Why I am getting this validator message ? Memory buffer barrier

Hi,

the situation :

  • a compute shader writing stuff in an SBO
  • a vertex shader reading it and rendering

Case 1 :

  • compute shader and vertex shader ON THE SAME QUEUE ( graphic queue )
  • two separate CMD buffers, one for the “compute” one for the “draw”
  • No memory barriers
  • SBO pre-initialized with some contents
  • draw CMD executed before the compute CMD
  • compute CMD waits for a “graphic semaphore” to know “it’s done using my sbo” and signals a “compute semaphore” to tell “i am done” at vkQueueSubmit()
  • compute semaphore “pre-signalled” at start ( to be in a “signalled state” )
  • draw CMD waits the “compute semaphore” to know “It’s done computing” and signals a “graphic semaphore” to tell “I am done” at VkQueubmit

( well I omitted the ‘draw’ also waits for the usual “image acquired” semaphore of the swapchain and such )

In Case 1, everything seems to go without a problem.

Case 2 - ALL like in Case 1 , except

  • Compute shader is on a specialized “compute queue” ( index ‘2’ )
  • Draw is on the “graphic queue” ( index 1 )

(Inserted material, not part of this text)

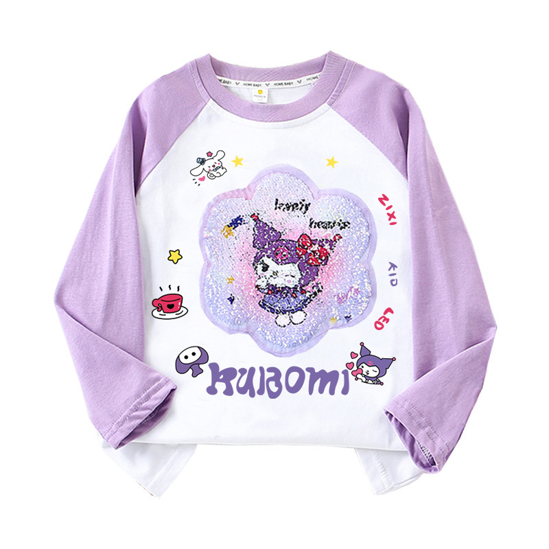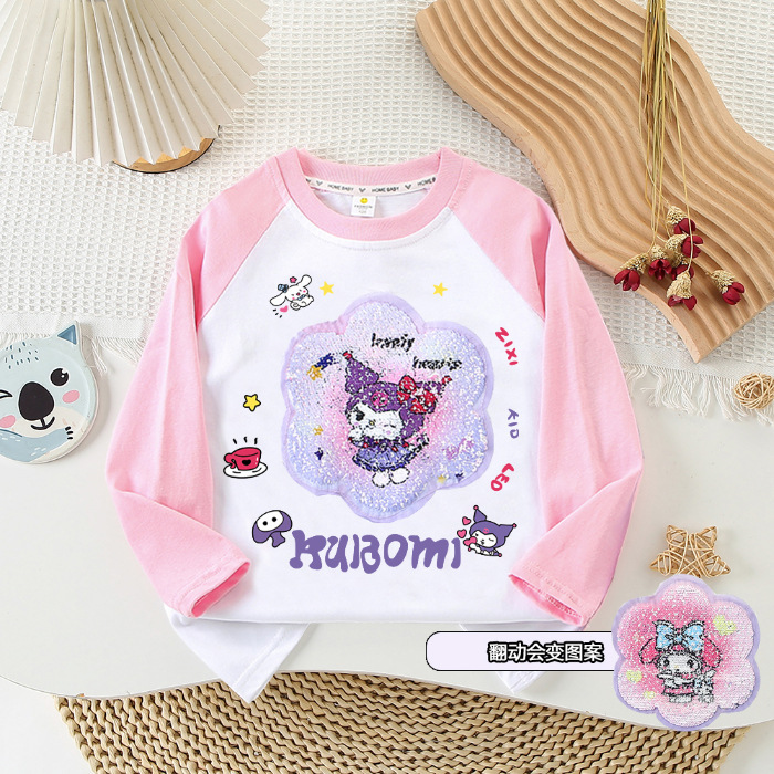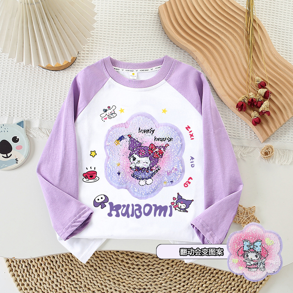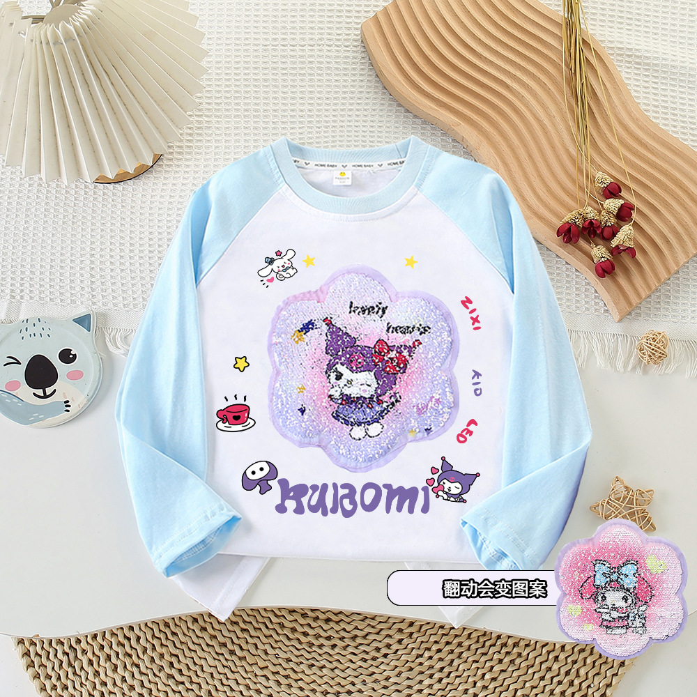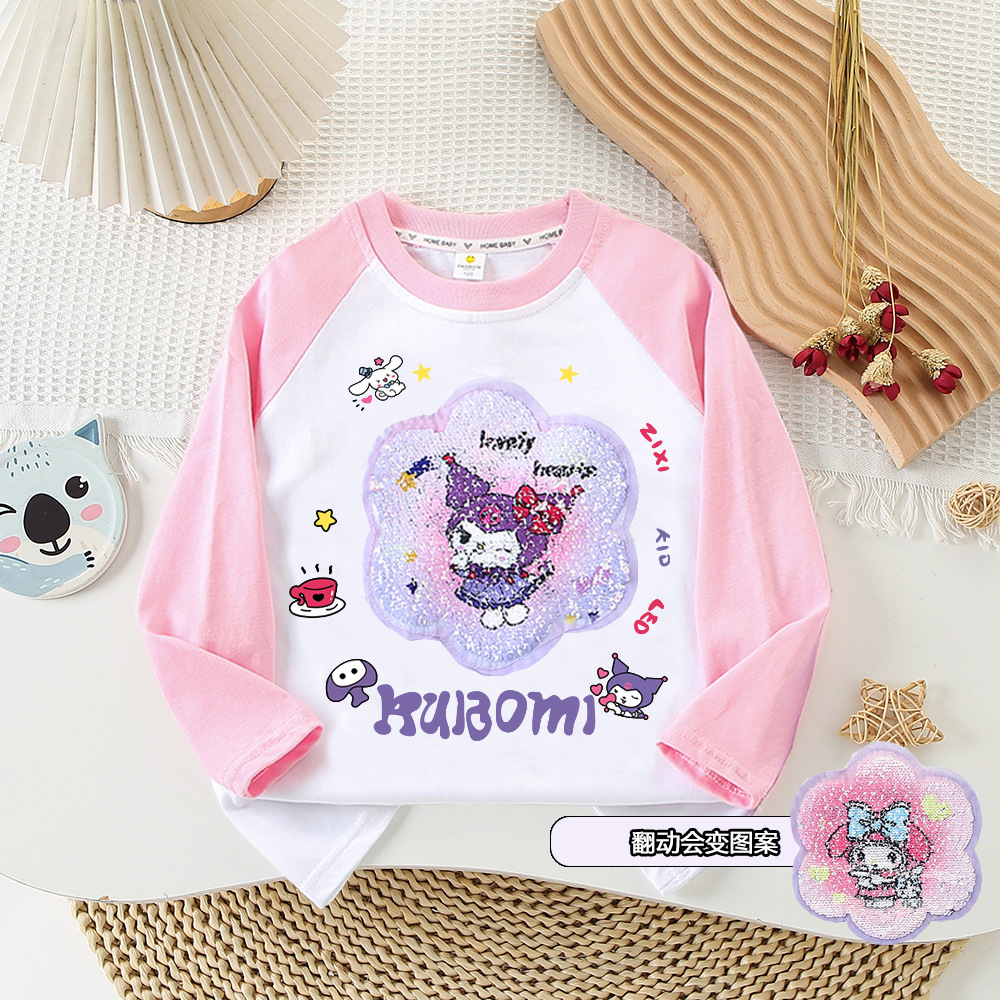 여아 초가을 쿠로미 100면 컬러 스플라이싱 긴팔 봄, 가을 프린트 쿨 스팽글 플립 바텀 탑

The “compute” cmd buffer is recorded as such :

VkCommandBufferBeginInfo cmd_buf_info = {};

cmd_buf_info.sType = VK_STRUCTURE_TYPE_COMMAND_BUFFER_BEGIN_INFO;
cmd_buf_info.pNext = NULL;
cmd_buf_info.flags = VK_COMMAND_BUFFER_USAGE_SIMULTANEOUS_USE_BIT;
cmd_buf_info.pInheritanceInfo = NULL;

	PRINTF("Recording COMPUTE command %d\n", i);

	result = vkBeginCommandBuffer(DeviceParams.compute_cmd[i][what_group], &cmd_buf_info);
	assert(result == VK_SUCCESS);

				VkBufferMemoryBarrier acquire_buffer_barrier =
				{
					VK_STRUCTURE_TYPE_BUFFER_MEMORY_BARRIER,
					nullptr,
					0,  // SRC
					VK_ACCESS_SHADER_WRITE_BIT, // DST access mask
					DeviceParams.queueFamilyIndex,
					DeviceParams.compute_queueFamilyIndex,
					Scene->SB1.buffer.buffer,
					0,
					Scene->SB1.total_size
				};

				vkCmdPipelineBarrier(
					cmd,
					VK_PIPELINE_STAGE_VERTEX_INPUT_BIT,		//SRC
					VK_PIPELINE_STAGE_COMPUTE_SHADER_BIT,   // DST
					0,
					0, nullptr,
					1, &acquire_buffer_barrier,
					0, nullptr);

			vkCmdBindPipeline(cmd, VK_PIPELINE_BIND_POINT_COMPUTE, Scene->pipeline[view]);

			// attention here we could have 1 or 2 descriptor sets, depending on the scene

			int desc_num = (Scene->ls_layout_flags & LS_LAYOUT_CS_SET10_TEXTURE) ? 2 : 1;

			vkCmdBindDescriptorSets(cmd, VK_PIPELINE_BIND_POINT_COMPUTE, Scene->pipeline_layout[view], 0, desc_num, &Scene->descriptor_set[cb][view][0], 0, NULL);

			vkCmdDispatch(cmd, Scene->comp_dispatch_x, Scene->comp_dispatch_y, Scene->comp_dispatch_z);

				VkBufferMemoryBarrier release_buffer_barrier =
				{
					VK_STRUCTURE_TYPE_BUFFER_MEMORY_BARRIER,
					nullptr,
					VK_ACCESS_SHADER_WRITE_BIT,
					0,
					DeviceParams.compute_queueFamilyIndex,
					DeviceParams.queueFamilyIndex,
					Scene->SB1.buffer.buffer,
					0,
					Scene->SB1.total_size
				};

				vkCmdPipelineBarrier(
					cmd,
					VK_PIPELINE_STAGE_COMPUTE_SHADER_BIT,
					VK_PIPELINE_STAGE_VERTEX_INPUT_BIT,
					0,
					0, nullptr,
					1, &release_buffer_barrier,
					0, nullptr);
result = vkEndCommandBuffer(DeviceParams.compute_cmd[i][what_group]);
assert(result == VK_SUCCESS);

However when this is run this happens :

ERROR: (COMMAND_BUFFER 0x25268ab0d58) [Validation] [ UNASSIGNED-VkBufferMemoryBarrier-buffer-00004 ] Object: 0x25268ab0d58 (Type = 6) | vkQueueSubmit(): in submitted command buffer VkBufferMemoryBarrier acquiring ownership of VkBuffer (0x183), from srcQueueFamilyIndex 2 to dstQueueFamilyIndex 0 has no matching release barrier queued for execution.

WHY ?

“In my reasoning” the second mem barrier I put the one called “Release Buffer Barrier” should do precisely that .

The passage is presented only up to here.